• **MATERIAL FOR THE TASK**:
= Beginning of Section =

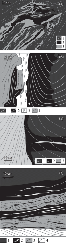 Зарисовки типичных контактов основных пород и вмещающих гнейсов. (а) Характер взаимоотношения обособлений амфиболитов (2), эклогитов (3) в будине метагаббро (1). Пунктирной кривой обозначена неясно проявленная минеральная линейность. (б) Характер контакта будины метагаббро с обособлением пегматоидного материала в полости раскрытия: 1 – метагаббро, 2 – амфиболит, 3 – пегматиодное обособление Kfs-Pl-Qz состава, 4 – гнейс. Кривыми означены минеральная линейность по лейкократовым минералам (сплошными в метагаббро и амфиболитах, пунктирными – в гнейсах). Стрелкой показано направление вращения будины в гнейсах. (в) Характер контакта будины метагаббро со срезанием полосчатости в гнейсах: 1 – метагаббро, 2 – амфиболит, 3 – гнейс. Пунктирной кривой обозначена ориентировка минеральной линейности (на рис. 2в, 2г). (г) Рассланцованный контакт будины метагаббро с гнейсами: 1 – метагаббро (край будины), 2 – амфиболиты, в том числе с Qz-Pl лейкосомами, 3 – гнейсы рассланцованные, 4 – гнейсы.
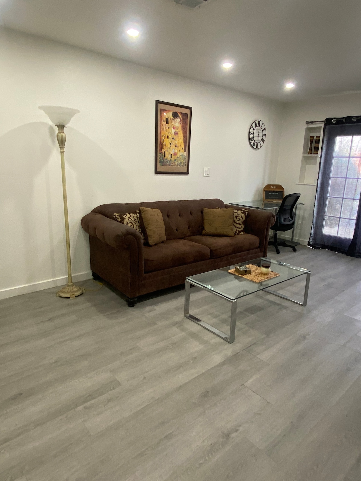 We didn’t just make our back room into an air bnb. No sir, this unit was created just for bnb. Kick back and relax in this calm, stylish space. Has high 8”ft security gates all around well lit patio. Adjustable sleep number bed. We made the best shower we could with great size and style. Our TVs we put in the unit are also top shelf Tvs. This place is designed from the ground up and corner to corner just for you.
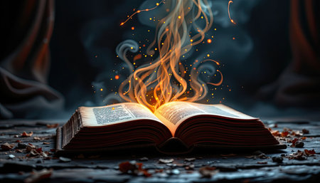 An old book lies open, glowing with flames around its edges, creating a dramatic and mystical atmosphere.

= End of Section =
= Beginning of Section =

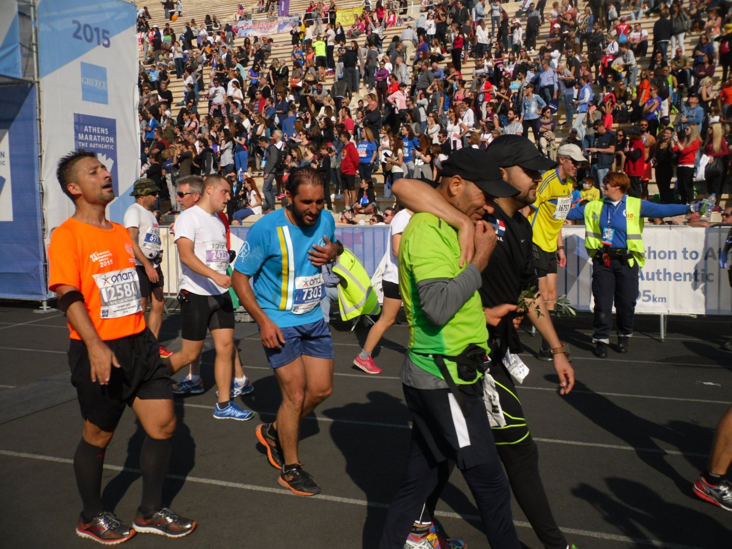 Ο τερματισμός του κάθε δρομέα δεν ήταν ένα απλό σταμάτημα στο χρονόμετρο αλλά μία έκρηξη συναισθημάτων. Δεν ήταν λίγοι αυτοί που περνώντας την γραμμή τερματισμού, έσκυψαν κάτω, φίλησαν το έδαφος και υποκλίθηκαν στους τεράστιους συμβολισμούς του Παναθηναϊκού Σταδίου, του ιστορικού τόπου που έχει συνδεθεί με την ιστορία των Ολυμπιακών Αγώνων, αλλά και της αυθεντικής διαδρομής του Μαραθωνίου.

= End of Section =
= Beginning of Section =

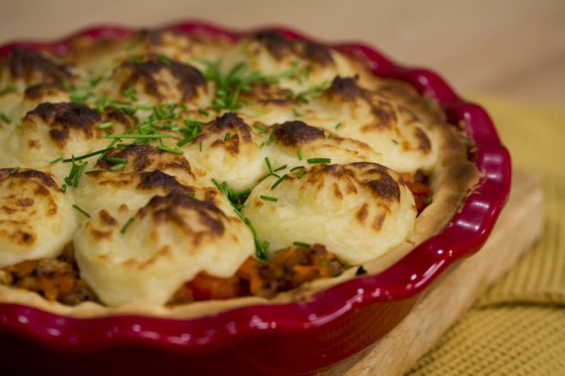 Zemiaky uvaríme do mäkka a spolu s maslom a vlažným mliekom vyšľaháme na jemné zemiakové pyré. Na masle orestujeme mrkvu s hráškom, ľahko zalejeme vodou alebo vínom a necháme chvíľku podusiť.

= End of Section =

• **WORK INSTRUCTION**: An exact copy of the lines above from the one with "Зарисовки типичных контактов" up to and including the one with "An old book" is required; reproduce only those lines, omitting all pictures.

• **OUTPUT OF THE TASK**:
 Зарисовки типичных контактов основных пород и вмещающих гнейсов. (а) Характер взаимоотношения обособлений амфиболитов (2), эклогитов (3) в будине метагаббро (1). Пунктирной кривой обозначена неясно проявленная минеральная линейность. (б) Характер контакта будины метагаббро с обособлением пегматоидного материала в полости раскрытия: 1 – метагаббро, 2 – амфиболит, 3 – пегматиодное обособление Kfs-Pl-Qz состава, 4 – гнейс. Кривыми означены минеральная линейность по лейкократовым минералам (сплошными в метагаббро и амфиболитах, пунктирными – в гнейсах). Стрелкой показано направление вращения будины в гнейсах. (в) Характер контакта будины метагаббро со срезанием полосчатости в гнейсах: 1 – метагаббро, 2 – амфиболит, 3 – гнейс. Пунктирной кривой обозначена ориентировка минеральной линейности (на рис. 2в, 2г). (г) Рассланцованный контакт будины метагаббро с гнейсами: 1 – метагаббро (край будины), 2 – амфиболиты, в том числе с Qz-Pl лейкосомами, 3 – гнейсы рассланцованные, 4 – гнейсы.
 We didn’t just make our back room into an air bnb. No sir, this unit was created just for bnb. Kick back and relax in this calm, stylish space. Has high 8”ft security gates all around well lit patio. Adjustable sleep number bed. We made the best shower we could with great size and style. Our TVs we put in the unit are also top shelf Tvs. This place is designed from the ground up and corner to corner just for you.
 An old book lies open, glowing with flames around its edges, creating a dramatic and mystical atmosphere.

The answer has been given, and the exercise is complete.